For example, the filter query parameter family includes parameters named: filter, filter[x], filter[], filter[x][], filter[][], filter[x][y], etc. However, filter[_] is not a valid parameter name in the family, because _ is not a valid member name.

Note the zero square brackets, I missed that, so no sub-member is required. And:

Implementation-Specific Query Parameters

Implementations MAY support custom query parameters.
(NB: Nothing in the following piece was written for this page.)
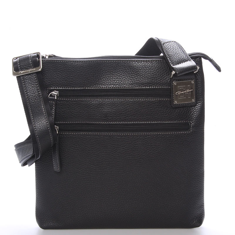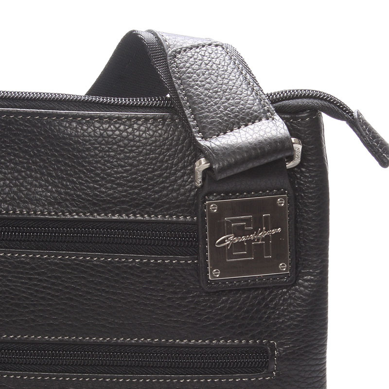 Čierna kožená taška cez rameno Gerard HENON pre mužov. Je neformálna, ale pritom aj elegantná. Taška je menšej veľkosti z hovädzej kože. Má hlavné vrecko, ktorá sa zatvára zips. Vo vnútri je hlavné vrecko a ďalšie menšie vrecká na drobnosti. Na prednej strane sú dve menšie vrecká na zips a na zadnej strane je ďalšie vrecko na zips. Novinka. Objednajte ešte dnes a vyskúšajte, vrátiť ju môžete až do 30 dní!

However, the names of these query parameters MUST come from a family whose base name is a legal member name and also contains at least one non a-z character (i.e., outside U+0061 to U+007A).

It is RECOMMENDED that a capital letter (e.g. camelCasing) be used to satisfy the above requirement.

This means that filter[@search] might be needlessly complicated, and we can use a camelCased name instead, like searchText, or simply @search, but I can't really find a satisfying, intuitive replacement. So if you prefer anything over filter[@search] let me know.

Some ChatGPT generated camelCased possibilities: "searchQuery", "searchColumns", "searchAll", "queryAll", "fullSearch"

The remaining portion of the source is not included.